Russia: Putin Uses Courts to Crush Opposition
Ariel Cohen / Benjamin Tigay /
KYIV, UKRAINE—Russia’s leading anti-corruption blogger, attorney and political activist Alexei Navalny, appeared in court Wednesday accused of embezzlement. On Thursday, federal prosectuors slapped him with additional charges for alleged price gouging. However, his real crime is exposing corruption and opposing the current political regime.
Prosecutors charged Navalny, a moderate nationalist and a former Yale University fellow, with “embezzling” more than $500,000 of lumber from a state-owned company in Kirov, a regional capital about 500 miles northeast of Moscow. He is accused of giving, in volunteer capacity, “bad advice” to the chairman of the state-owned Kirov lumber company. Russian media and outside observers agree that the charges are politically motivated.

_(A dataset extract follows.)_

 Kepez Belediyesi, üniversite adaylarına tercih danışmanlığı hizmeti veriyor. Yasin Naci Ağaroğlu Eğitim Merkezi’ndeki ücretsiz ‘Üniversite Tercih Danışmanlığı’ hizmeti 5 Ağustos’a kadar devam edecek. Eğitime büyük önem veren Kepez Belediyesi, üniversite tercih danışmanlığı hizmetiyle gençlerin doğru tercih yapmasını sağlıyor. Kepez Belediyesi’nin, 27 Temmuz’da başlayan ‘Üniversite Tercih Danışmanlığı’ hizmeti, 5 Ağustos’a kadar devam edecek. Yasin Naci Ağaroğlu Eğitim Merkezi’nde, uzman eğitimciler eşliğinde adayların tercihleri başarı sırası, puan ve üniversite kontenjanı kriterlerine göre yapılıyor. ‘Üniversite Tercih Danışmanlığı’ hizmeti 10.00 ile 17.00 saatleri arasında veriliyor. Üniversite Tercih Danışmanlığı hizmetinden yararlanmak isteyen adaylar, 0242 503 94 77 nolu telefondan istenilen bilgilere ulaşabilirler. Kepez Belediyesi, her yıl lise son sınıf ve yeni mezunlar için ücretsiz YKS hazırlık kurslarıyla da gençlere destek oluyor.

Navalny has long been on the Kremlin’s hit list. He famously called the ruling political party (United Russia) the “party of crooks and thieves.” In December 2011, together with other opposition leaders, Navalny led protests following the Russian parliament elections, which the Russian opposition and foreign political observers found fraudulent. He recently announced his intent to run for the presidency in 2016.
Anywhere in the West, he would be a TV talk show star, but in Vladimir Putin’s Russia, he has become an enemy of the state. Investigators had initially charged Navalny with embezzlement before dropping the case due to a lack of evidence. They were ordered to reopen the file by Alexander Bastrykin, the head of the Russian State Investigatory Committee and Putin’s law school roommate. Additional charges followed Thursday.

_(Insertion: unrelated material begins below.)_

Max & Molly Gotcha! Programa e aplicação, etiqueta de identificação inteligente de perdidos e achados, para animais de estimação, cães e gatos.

Confessing political motivation for the persecution, a spokesman for the Investigative Committee said that because Navalny “provokes the government” and “uses all his energy to bring attention to himself,” authorities decided to “accelerate” the case against him.
His chances to walk are low: The judge in the Lenin District court hearing Navalny’s case has not acquitted a defendant in any of the 130 cases he has heard.
If Navalny is convicted, he faces up to 10 years in prison and will be disqualified from running for office.
The charges against Navalny reflect Russian law enforcement’s concerted effort to eliminate political opposition through the abuse of courts. The Russian authorities would rather prosecute whistleblowers—even posthumously—than go after corrupt officials in their own government. Mikhail Khodorkovsky, the prominent anti-Putin oil executive, is marking his 10th year in jail this year.
The Obama Administration’s half-hearted Magnitsky List demonstrates that the White House is wobbling at a time when civil society and political opposition are under attack in Russia.
The United States should support Navalny, a man who is risking his life for his beliefs and is fighting against corruption and for economic freedom. This would uphold American values and strengthen our relationship with the people of Russia—not just with its rulers.